*** Block opens ***

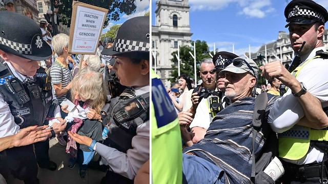 İsrail’in Gazze Şeridi’ndeki katliamlarına ve bölgeyi işgal planına tepkiler sürerken, bu kez İngiltere’nin başkenti Londra Filistin’e destek gösterilerine sahne oldu. Parlamento Meydanı ve Whitehall bölgesinde toplanan yüzlerce gösterici, İngiltere’de yasaklanan "Palestine Action" grubuna destek vererek İsrail’in Gazze’ye yönelik saldırılarına tepki gösterdi. "Soykırıma karşıyım", "Filistin Hareketi’ni destekliyorum", "Gazze’den ellerinizi çekin" ve "Protesto hakkını savun" pankartları taşıyan göstericilere polisin müdahalesi ise sert oldu. Londra Metropolitan Polisi’nden yapılan açıklamada, "Palestine Action" hareketinin yasaklı gruplardan biri olduğu hatırlatılarak, gösterilere katılan 466 kişinin gözaltına alındığı bildirildi. Ayrıca 5’i polis memurlarına saldırı olmak üzere farklı suçlardan 8 kişinin gözaltına alındığı aktarıldı.
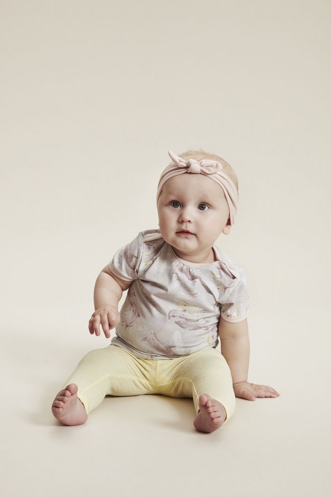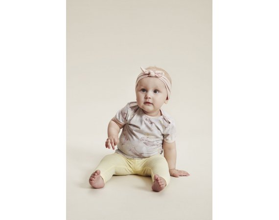 Body med rynkedetaljer i halsåbning og ved håndled. Den har fast ribkant i kontrastfarve i alle åbninger og lukkes med trykknapper på skuldre og mellem ben.
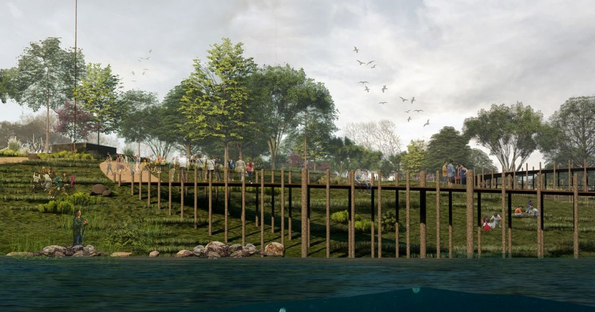 The Hilâl project is designed to offer a public educational experience focused on water conservation. The landscape and circulation are meticulously planned to integrate water as a guiding element, allowing visitors to engage with natural filtration systems. These include rain gardens, wetlands, ECO concrete columns that foster oyster habitats, and a gravel infiltration parking lot, all contributing to an ecologically conscious design.
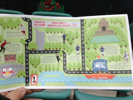 Dabei wurde ich Zeuge, wie ein Ordner versuchte, ein kleines Mädchen mit Hansa-Trikot und die zugehörige Familie vom Betreten der Haupttribüne abzuhalten, Stichwort: Fantrennung. Die Kleine (vielleicht 8 Jahre alt) wusste nicht, wie ihr geschah, die Eltern („Wir sind RB-Fans, nur sie ist für Hansa.“ – ein prächtiges Kind, nicht wahr?) drohten zu eskalieren, so dass ein Supervisor die Situation retten musste: „Mach einfach die Jacke zu, Kleine, dann geht das schon.“ Der Ordner fügte sich widerwillig: „Was soll das werden, wenn wir das mit allen machen?“
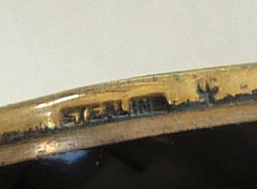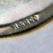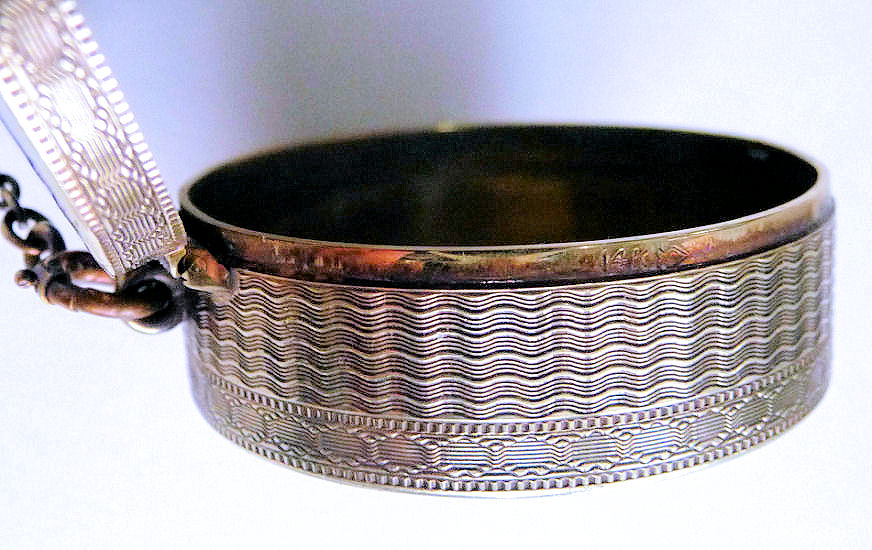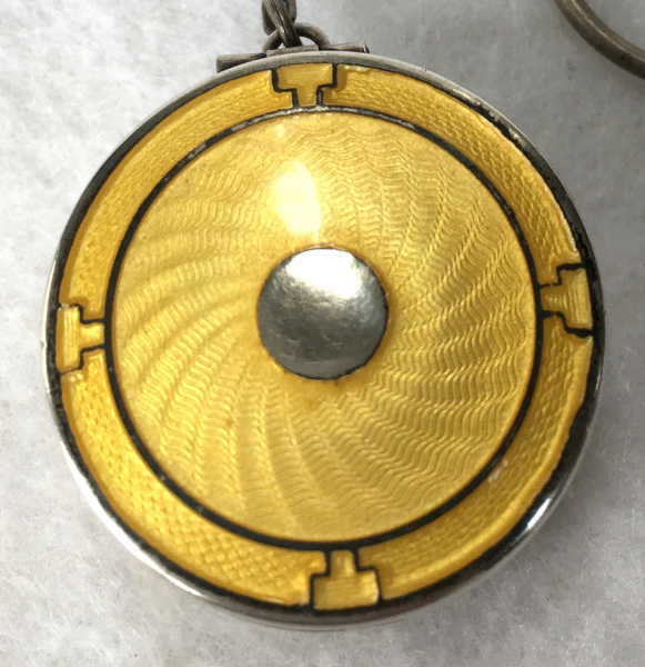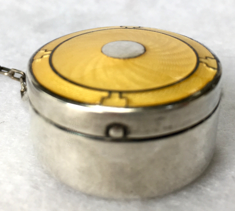 This tiny sterling silver compact has a lovely yellow enamel guilloche lid with three different guilloche designs (see the photos for the close-up) and a finger ring for carrying. "Guilloche" refers to the designs beneath the enamel which are engraved into the base metal. All of the enamel is in excellent condition with no damage whatsoever. The interior of the compact is done in a gold vermeil and features a mirror in the lid and a swansdown puff in the bottom. The only marking on this compact is the word "STERLING" stamped on the bottom, so I have no idea of the manufacturer but would assume the New England area. It is very tiny measuring just a tad over 1" diameter x a bit over 1/2" deep. Chain handle has 4" drop including the finger ring. (Click on pic for more photos.) |
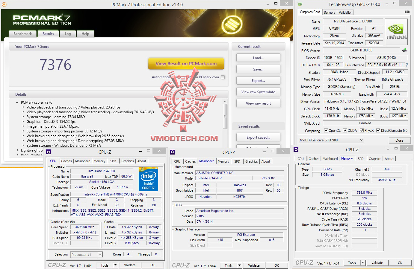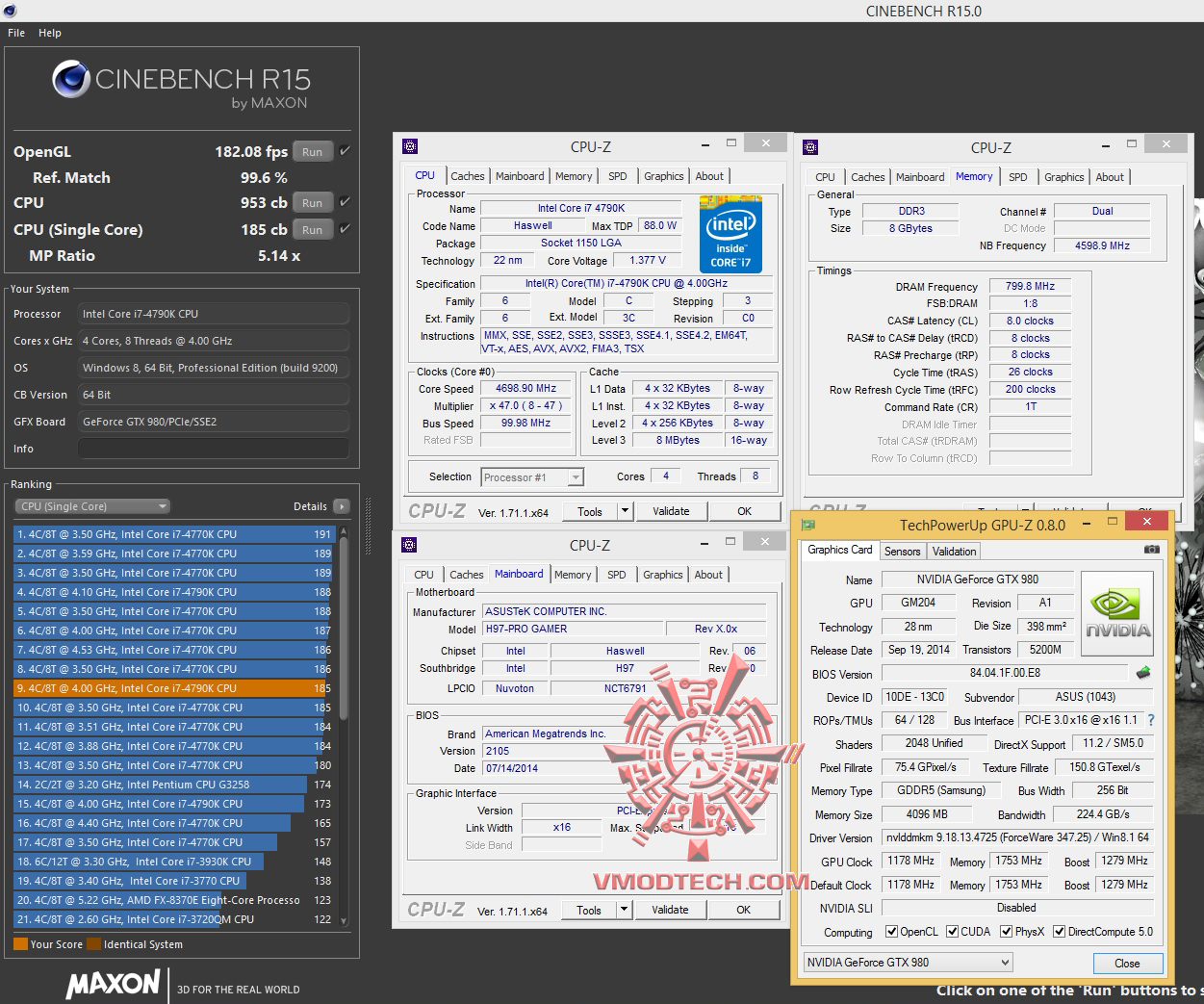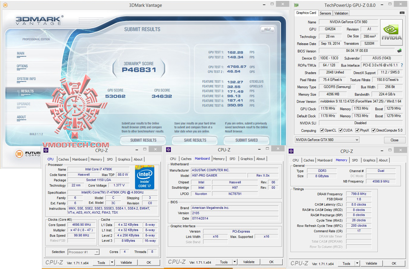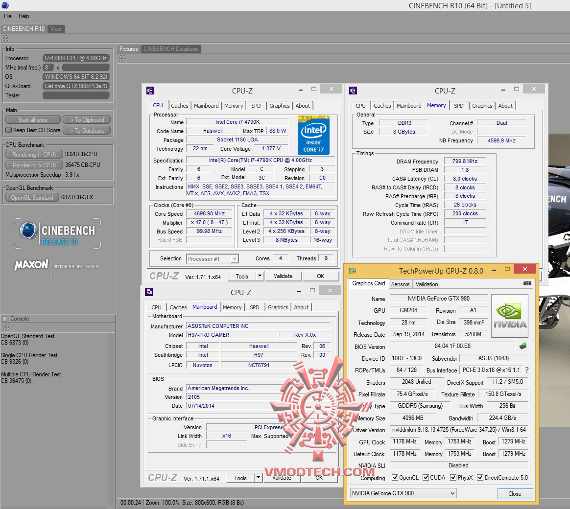วันนี้ทดสอบที่ความเร็ว 4.7Ghz Vcore 1.37v NB Fre 4.6Ghz บัสแรม 1600Mhz 8-8-8-26-200 1T 1.65v ซึ่งในไบออสมีให้ปรับถึง 3000+ แต่ก็ใช้งานไม่ได้นะครับเพราะชิบเซ็ต H97 ก็จะดันบัสได้สูงสุดที่ 1600Mhz ตามสเปกข้างต้น ส่วนการ์ดจอใช้ ASUS GTX980 Poseidon ตัวแรงร่วมทำการทดสอบ
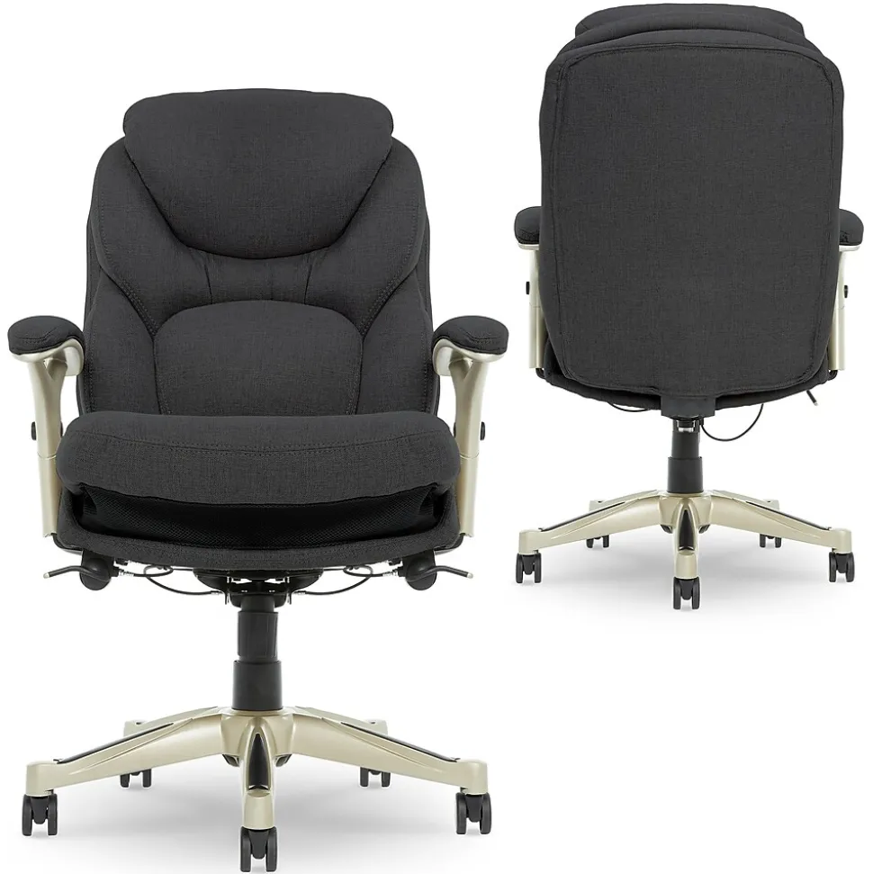 Imagine an office chair that helps promote strength and flexibility in your back. That’s the Serta Works ergonomic executive office chair with Back in Motion technology. This feature-rich, performance-focused chair helps its users become more productive and efficient by maximizing lower back support and comfort while seated. The Back in Motion active seat technology swivels the lumbar forward like the pelvis tilt exercise, promoting strength and flexibility in your core. The push-button adjustable armrests and pneumatic height adjustment can be customized to find the right fit for you. And the multilayered cushions are comfortable yet supportive, so you’ll feel refreshed and rejuvenated, even after a long day.
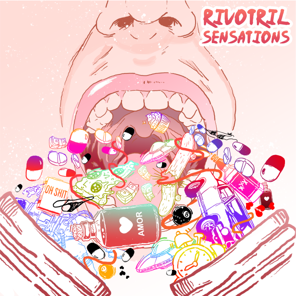 Se tomarmos o próprio título do Ep, já poderíamos ir num bom caminho para enterdermos melhor o que aqui quero explicar. Um das potências da música do Bikini Hunters é exatamente o humor caústico, e trazer um EP nomeado como Rivotril Sensations (2019), é prova disso.
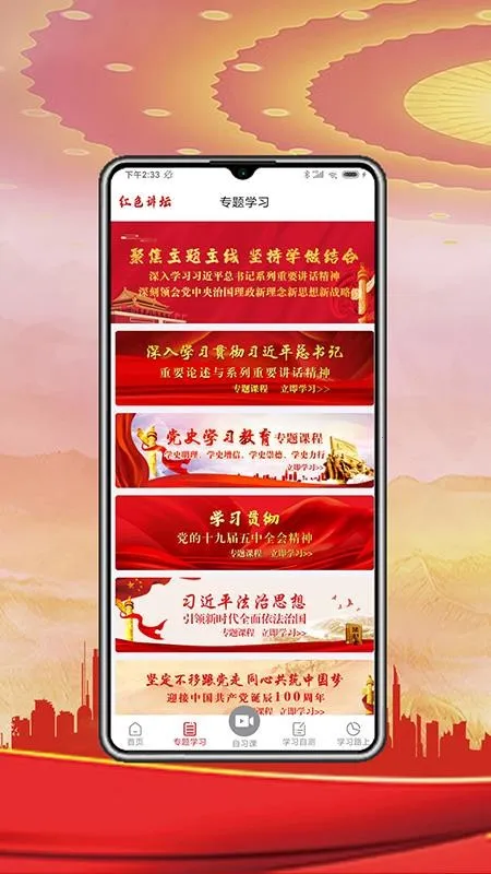 红色讲坛2025官方正版是一款专为公共服务单位人员打造的思政学习软件。它弘扬习近平新时代中国特色社会主义思想,汇集优质课程,有多样学习资源与自测题,还有名师指导、详细学习计划,助用户提升政治知识与觉悟。
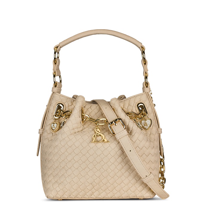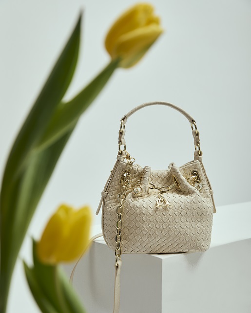 Non solo una linea di borse ma una dichiarazione di femminilità radiosa, capace di celebrare il gusto per il dettaglio e l’eleganza quotidiana che da sempre caratterizza il brand. Protagonista della collezione è un raffinato quanto iconico motivo intrecciato, simbolo di artigianalità senza tempo, che si declina in due diverse varianti di modelli, una tote bag e una bucket bag.

*** Block closes ***

> _Instructions to follow_: From first line to last, return the records verbatim without their pictures.

> _Exercise result_:
 İsrail’in Gazze Şeridi’ndeki katliamlarına ve bölgeyi işgal planına tepkiler sürerken, bu kez İngiltere’nin başkenti Londra Filistin’e destek gösterilerine sahne oldu. Parlamento Meydanı ve Whitehall bölgesinde toplanan yüzlerce gösterici, İngiltere’de yasaklanan "Palestine Action" grubuna destek vererek İsrail’in Gazze’ye yönelik saldırılarına tepki gösterdi. "Soykırıma karşıyım", "Filistin Hareketi’ni destekliyorum", "Gazze’den ellerinizi çekin" ve "Protesto hakkını savun" pankartları taşıyan göstericilere polisin müdahalesi ise sert oldu. Londra Metropolitan Polisi’nden yapılan açıklamada, "Palestine Action" hareketinin yasaklı gruplardan biri olduğu hatırlatılarak, gösterilere katılan 466 kişinin gözaltına alındığı bildirildi. Ayrıca 5’i polis memurlarına saldırı olmak üzere farklı suçlardan 8 kişinin gözaltına alındığı aktarıldı.
 Body med rynkedetaljer i halsåbning og ved håndled. Den har fast ribkant i kontrastfarve i alle åbninger og lukkes med trykknapper på skuldre og mellem ben.
 The Hilâl project is designed to offer a public educational experience focused on water conservation. The landscape and circulation are meticulously planned to integrate water as a guiding element, allowing visitors to engage with natural filtration systems. These include rain gardens, wetlands, ECO concrete columns that foster oyster habitats, and a gravel infiltration parking lot, all contributing to an ecologically conscious design.
 Dabei wurde ich Zeuge, wie ein Ordner versuchte, ein kleines Mädchen mit Hansa-Trikot und die zugehörige Familie vom Betreten der Haupttribüne abzuhalten, Stichwort: Fantrennung. Die Kleine (vielleicht 8 Jahre alt) wusste nicht, wie ihr geschah, die Eltern („Wir sind RB-Fans, nur sie ist für Hansa.“ – ein prächtiges Kind, nicht wahr?) drohten zu eskalieren, so dass ein Supervisor die Situation retten musste: „Mach einfach die Jacke zu, Kleine, dann geht das schon.“ Der Ordner fügte sich widerwillig: „Was soll das werden, wenn wir das mit allen machen?“
 This tiny sterling silver compact has a lovely yellow enamel guilloche lid with three different guilloche designs (see the photos for the close-up) and a finger ring for carrying. "Guilloche" refers to the designs beneath the enamel which are engraved into the base metal. All of the enamel is in excellent condition with no damage whatsoever. The interior of the compact is done in a gold vermeil and features a mirror in the lid and a swansdown puff in the bottom. The only marking on this compact is the word "STERLING" stamped on the bottom, so I have no idea of the manufacturer but would assume the New England area. It is very tiny measuring just a tad over 1" diameter x a bit over 1/2" deep. Chain handle has 4" drop including the finger ring. (Click on pic for more photos.) |
วันนี้ทดสอบที่ความเร็ว 4.7Ghz Vcore 1.37v NB Fre 4.6Ghz บัสแรม 1600Mhz 8-8-8-26-200 1T 1.65v ซึ่งในไบออสมีให้ปรับถึง 3000+ แต่ก็ใช้งานไม่ได้นะครับเพราะชิบเซ็ต H97 ก็จะดันบัสได้สูงสุดที่ 1600Mhz ตามสเปกข้างต้น ส่วนการ์ดจอใช้ ASUS GTX980 Poseidon ตัวแรงร่วมทำการทดสอบ
 Imagine an office chair that helps promote strength and flexibility in your back. That’s the Serta Works ergonomic executive office chair with Back in Motion technology. This feature-rich, performance-focused chair helps its users become more productive and efficient by maximizing lower back support and comfort while seated. The Back in Motion active seat technology swivels the lumbar forward like the pelvis tilt exercise, promoting strength and flexibility in your core. The push-button adjustable armrests and pneumatic height adjustment can be customized to find the right fit for you. And the multilayered cushions are comfortable yet supportive, so you’ll feel refreshed and rejuvenated, even after a long day.
 Se tomarmos o próprio título do Ep, já poderíamos ir num bom caminho para enterdermos melhor o que aqui quero explicar. Um das potências da música do Bikini Hunters é exatamente o humor caústico, e trazer um EP nomeado como Rivotril Sensations (2019), é prova disso.
 红色讲坛2025官方正版是一款专为公共服务单位人员打造的思政学习软件。它弘扬习近平新时代中国特色社会主义思想,汇集优质课程,有多样学习资源与自测题,还有名师指导、详细学习计划,助用户提升政治知识与觉悟。
 Non solo una linea di borse ma una dichiarazione di femminilità radiosa, capace di celebrare il gusto per il dettaglio e l’eleganza quotidiana che da sempre caratterizza il brand. Protagonista della collezione è un raffinato quanto iconico motivo intrecciato, simbolo di artigianalità senza tempo, che si declina in due diverse varianti di modelli, una tote bag e una bucket bag.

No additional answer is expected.